Et la raison se cache dans les carnets de commandes. Car ceux-ci sont pleins à craquer: le groupe a décroché pour les années à venir des commandes d’un volume total de près de 18 milliards de francs. Un énorme succès qui n’est toutefois pas sans inconvénient. «On estime que pour 70% de ces contrats, les prix sont fixes», explique l’analyste.
Stadler Rail ne peut donc pas répercuter sur ses clients la hausse des prix de nombreux gros contrats. Comme ces commandes s’étendent souvent sur plusieurs années, une inflation élevée se fait particulièrement ressentir.
L’objectif sera-t-il à nouveau revu à la baisse?

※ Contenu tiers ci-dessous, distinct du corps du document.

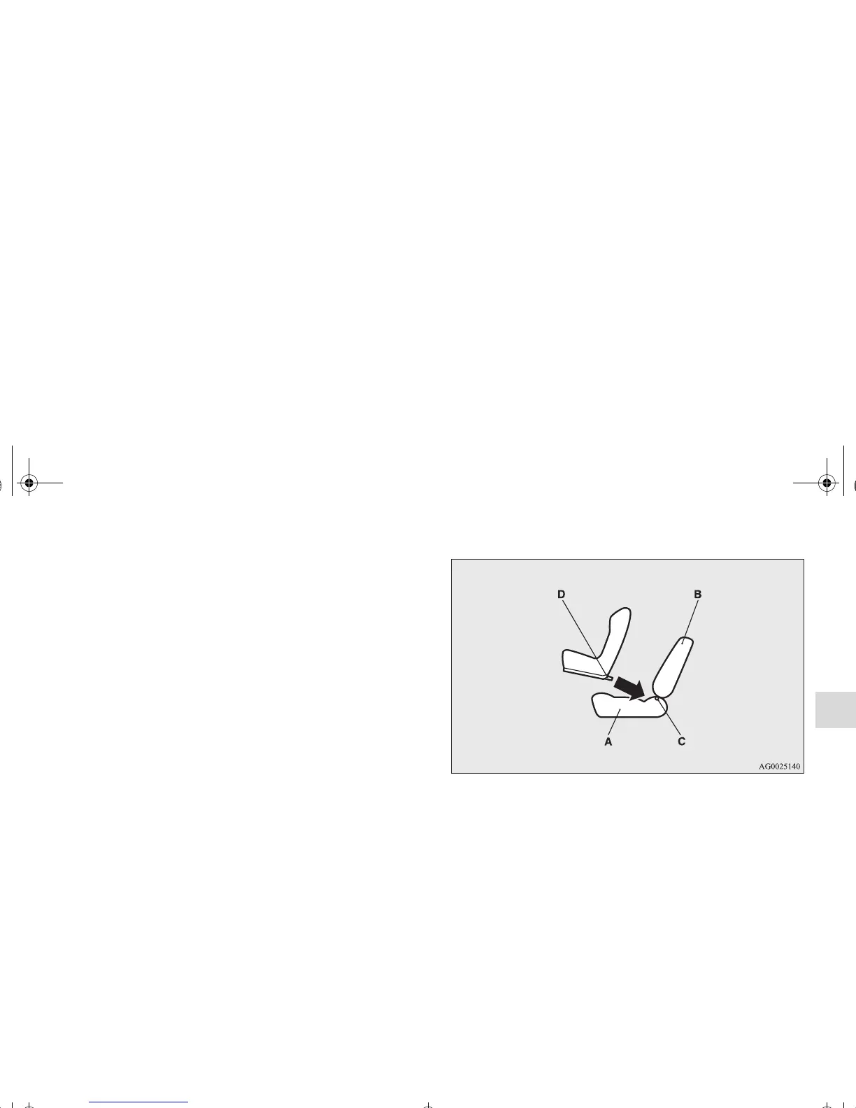 2. Open the gap a little between the seat cushion (A) and the

A cela s’ajoutent les chaînes d’approvisionnement qui ne fonctionnent toujours pas sans heurts. Et la situation est toujours difficile dans les usines. En raison de la réduction massive de la fabrication des produits dans l’entreprise de Fanipol en Biélorussie, une partie de la production a dû être transférée à l’étranger. Fin juillet, Credit Suisse a calculé dans une analyse que les marges souffriraient également cette année d’une «perte de productivité dans les usines».
Les conditions difficiles pour Stadler Rail devraient durer encore longtemps, estime Richard Frei, analyste à la Banque cantonale de Zurich. «En raison de l’inflation élevée dans la zone euro, le groupe doit par exemple s’attendre à des augmentations de salaires à l’étranger.»
Stadler Rail a déjà dû repousser en mars son objectif à moyen terme d’augmenter sa marge à 8 ou 9%. Plusieurs analystes estiment que Stadler Rail devra encore corriger cet objectif.
La concurrence aussi touchée
Ces dernières semaines, les deux établissements financiers américains JP Morgan et Bank of America avaient également prédit une année sombre pour le constructeur suisse de véhicules ferroviaires, mettant ainsi le cours de l’action encore plus sous pression.
Mais les problèmes touchent aussi durement les concurrents de Stadler: la Bank of America a également pronostiqué une année difficile pour le groupe français de construction ferroviaire Alstom.
Stadler Rail ne souhaite pas s’exprimer sur les difficultés actuelles auprès de Blick: «En raison de la publication des résultats semestriels le 31 août 2022, nous ne pouvons malheureusement pas répondre à votre demande actuellement», fait savoir le service de presse.
Des temps meilleurs en perspective
Lors de la conférence de presse en mars dernier, le chef du groupe Peter Spuhler a fait preuve d’un grand optimisme quant à l’année en cours, tout en soulignant les défis à venir. Depuis, les conditions économiques générales se sont encore détériorées pour Stadler Rail.
Un coup d’œil sur les prévisions à long terme devrait au moins rassurer les investisseurs: «Avec le changement climatique et le développement de l’infrastructure ferroviaire neutre en CO2 ainsi que les carnets de commandes, Stadler Rail devrait aussi connaître des temps meilleurs», déclare l’analyste de Raiffeisen.